I don't want to offend anyone but it is kind of funny to see that so many people here have had crushes on villagers in Animal Crossing. I don't think I've had one, I just like certain characters a lot, like Fang and Isabelle.

By crush, do you really mean something like "love"?


----------



## Jarrad (Aug 12, 2013)

Wtf no...?


----------



## nikkidii (Aug 12, 2013)

Back in Wild World I was around 10 or something and I had a huge crush on Snake the rabbit thing x'D I used to send him letters, talk to him 24/7, do favors right away and everything. I grew out of that phase though ;w;


----------



## Azzurro (Aug 12, 2013)

Vida said:


> I don't want to offend anyone but it is kind of funny to see that so many people here have had crushes on villagers in Animal Crossing. I don't think I've had one, I just like certain characters a lot, like Fang and Isabelle.
> 
> *By crush, do you really mean something like "love"?*



Of course not. 'Crush', in this case, just means you really like that villager. They're most likely your dream villager, and you want them in your town. I don't even see how actually loving a pixel is possible tbh lol.


----------



## violetneko (Aug 13, 2013)

I have a huge crush for Chief. I'm at the point of oh you want any ocean fish? Here's my coelacanth 0w0
He's kinda like a virtual brother :3


----------



## Ade4265 (Aug 15, 2013)

No, I do not have a crush on little anthropomorphic animals.


----------



## mariop476 (Aug 15, 2013)

Not a crush, but I've always had a special place in my heart for Snake, Knox, Apollo, and Lopez.  They're my bros.


----------



## JonnyJinx (Aug 15, 2013)

I was a bit fond of Bunnie when I was young on the GC days. I also found it cute that Tangy sent me a letter and a present on Valentines Day.


----------



## Seravee (Aug 16, 2013)

Nope, but Olaf reminds me of my husband, which I find endearing.


----------



## clovetic (Aug 16, 2013)

kyle, when he used to wear his leather jacket lol


----------



## ZeroMetroid (Aug 16, 2013)

Whitney >w<


----------



## PlasticPinkPiggy (Aug 16, 2013)

I was all over wolfgang and rolf in WW, but NL changed me a bit and now I'm all over Del because he keeps sending me letters and giving my expensive crap. <3 I send love letters to him. I also have a girl crush on Bunnie and want to be just like her


----------



## ForestRabbit (Aug 18, 2013)

I guess by "crush" you mean in a non-romantic way. Kind of like girl crush and guy crush by straight people. 
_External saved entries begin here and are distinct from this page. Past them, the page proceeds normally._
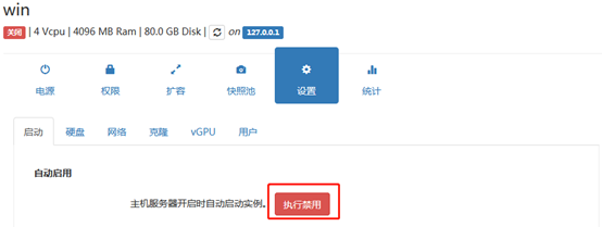 当要取消虚拟机的自动启动,点击“执行禁用”;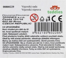 De set in een doos van 27 × 18 × 12 cm bevat een straaljager, een soldaat en accessoires – het perfecte cadeau voor jonge liefhebbers van legerverhalen.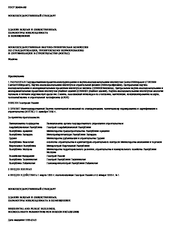 ГОСТ 30494-96: Здания жилые и общественные. Параметры микроклимата в помещениях

Let's just say if I were to be six years old, and I saw an Isabelle plushie doll at a toys store-- I would ask my parents to buy me an Isabelle doll. I think she's pretty and cute-- I love her outfit. I'd have tea parties with her! There's also Pelly too! 

If Isabelle was a real life human, she'd be kind of like my old manager from my old workplace who has a really nice personality and a nice smile.


----------



## Orieii (Aug 19, 2013)

I'd love to know the secret <3
I want to use it on my cute friend Marshal >///<


----------



## Suave_Spencer (Aug 20, 2013)

Ade4265 said:


> No, I do not have a crush on little anthropomorphic animals.



Seconded. I honestly find it slightly creepy when people mention that their character is in a relationship with one of their villagers.


----------



## Officer Berri (Aug 21, 2013)

All the male wolves. QUETZAL. Apollo. Boone. Olaf. Uh... I can't really think of any more off the top of my head.

And I know he's not a villager but Copper is my husbando.

Also maybe Freya. She's one of my boyfriend's favorite villagers and the love kind of rubbed off on me because she's adorable and pink. But technically that's a different kind of crush in my head so.


----------